Residents of the neighborhood said this is the fourth home destroyed by fire in the last few years.
They all have ended up looking like this one – nearly leveled and almost everything inside destroyed.
Hours after firefighters put out a massive house fire on Vandalia Avenue, smoke continued to rise.
Firefighters say something exploded and the flames spread fast.
It shook Peggy Caparelli's house.
"I thought, ‘oh no, not another one, not another one.’ It was almost more than I could bear,” Caparelli said.
Caparelli said this is the fourth large house to burn down in the neighborhood in the past few years.
Fire destroyed the house across the street but a new one's been built there, and in 2011, two homes next door to each other burned down, one lot still sits empty.
“All of them have been at night, so sleepless nights, but everyone got out okay," she said.
Tulsa Firefighters say it's not a coincidence homes in this neighborhood burn quickly.
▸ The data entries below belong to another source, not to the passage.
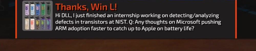 Hi DLL, I just finished an internship working on detecting/analyzing defects in transistors at NIST. Q: Any thoughts on Microsoft pushing ARM adoption faster to catch up to Apple on battery life?
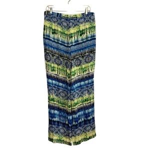 CHAUS Women's Palazzo Pants Blue Multi Pockets Wide Leg Elastic Waist Medium
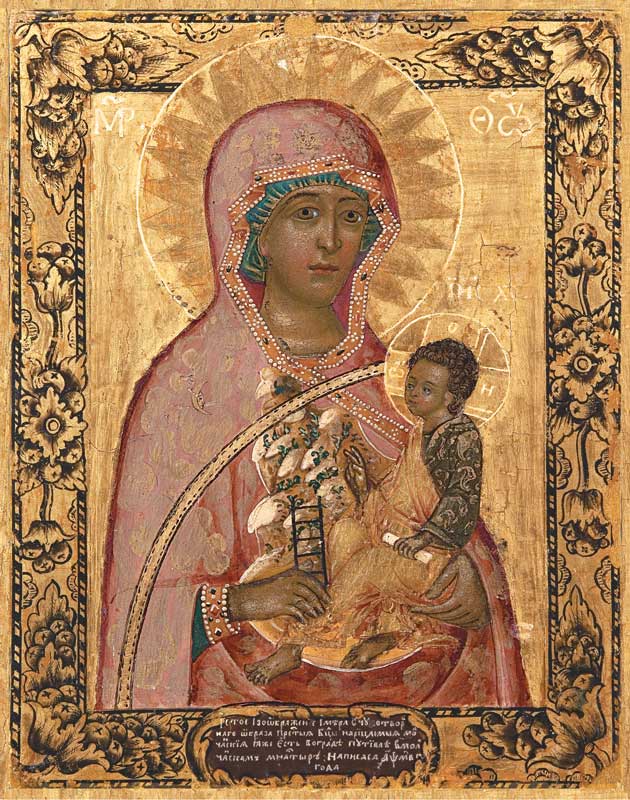 Иконографический извод относится к типу «Одигитрии». Отличительной особенностью иконографии является изображение на мафории облачных разводов, горы, лестницы и радуги. Источниками иконографии являются пророчества и текст Акафиста. Они показывают неразрывную связь между учением о Божией Матери и учением об Иисусе Христе, т.е. спасении рода человеческого через воплощение Сына Божия. Гора связана с толкованием пророком Даниилом сна царя Навуходоносора: камня, оторвавшегося от горы без помощи рук и разбившего истукана (Дан. 2: 27). Оторвавшийся от горы камень – прообраз будущего «бессеменного» рождения Спасителя. Личная святость и величие Богоматери раскрываются в изображенных эпитетах песнопений: «облаче пресветлый», «одушевленная лествица», радуга, вознесенная «превыше небес».
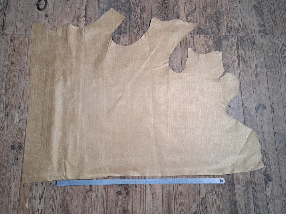 Demi peau de cuir de veau motif grecque - Or blanc - B

“They are large houses to start out with, and the terrain here, there's one way into this area. They are on steep hills, we can approach the front of them,” Tulsa Fire Department Capt. Terry Sivadon said.
Most of the homes in the neighborhood are tall – three or four stories – so if a fire starts below, what’s overhead most likely will all come down.
"You hate to think this is a jinx on our neighborhood and I hate to think that because I absolutely love it here,” Caparelli said.